With the hundreds of images of us that are out there, it's already been possible for people to train models on the faces of people who don't give their consent, pretty much anyone out there who has photos of themselves publicly viewable. Now imagine being able to generate an image of somebody and then being able to animate that drawing using Stable Video Diffusion?

There are many implications of this, ranging from privacy violations to the borderline illegal. I have already heard from women in the content creator space who have told me about fans AI generating pornography of them and sending it back to them, almost as if those "fans" were proud of the fact that they had violated another human being's privacy. This has been going on for over a year, and it's an example that I'm familiar with. By no means is it the only privacy implication of tools like these, and in fact, it's likely only going to get worse.

Examples of Stable Video Diffusion are already available

Scary but incredible

The above video, released by Stability AI, shows the power of Stable Video Diffusion. Others have also gone on to show the power of the technology, demonstrating how it can make practically anything move and be animated in a small, few-second window. It takes a lot of computational power, but there are plenty of services like Hugging Face and Replicator that people can essentially rent processing time. I ran it locally, using the image below (distributed with the Stable Video DIffusion software) to test how good it was.

The above image is one I suspect is AI generated, as I cannot find exact matches to it online. Nevertheless, it's a perfect candidate for testing. I ran the Stable Video Diffusion model locally with this image, and in just under an hour, had the following four-second clip.

This is shockingly good. While it's at a low frame rate now, as already mentioned, this is an in-development model that is not meant for general usage yet. I tried with my own photo, a photo of a train arriving in the mist.

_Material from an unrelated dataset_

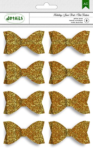 American Crafts 8 Piece Christmas Glitter Bows, Gold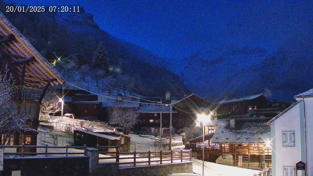 Un buongiorno con la neve in Valsesia. Nei piccoli borghi da Scopello fino ad Alagna Valsesia stamattina pendii e strade innevate.

Sadly, the result wasn't as good, though it was a more challenging photo for an AI to work with thanks to the fog.

Impressively, it still seemed to understand that the train was, well, a train. It just ended up moving over to the other train track. Still, though, this is beta software, and the results are impressive nonetheless.

The future of online media is being threatened

Stable Video Diffusion is just the start

Regardless of what you may think of how impressive this tech is, it's only the beginning. This is the first open-source model that people will undoubtedly take apart, improve upon, and possibly make use of with a lack of care for ethics. The future of online media is in danger, largely in thanks to AI video and images, and as they get better and better, there are far-reaching implications that will open multiple versions of Pandora's box over the next months and years.

As a computer scientist, the technology is so incredibly impressive that it boggles the mind, and the fast growth of the generative AI landscape is so, so impressive. However, as a person, this technology terrifies me.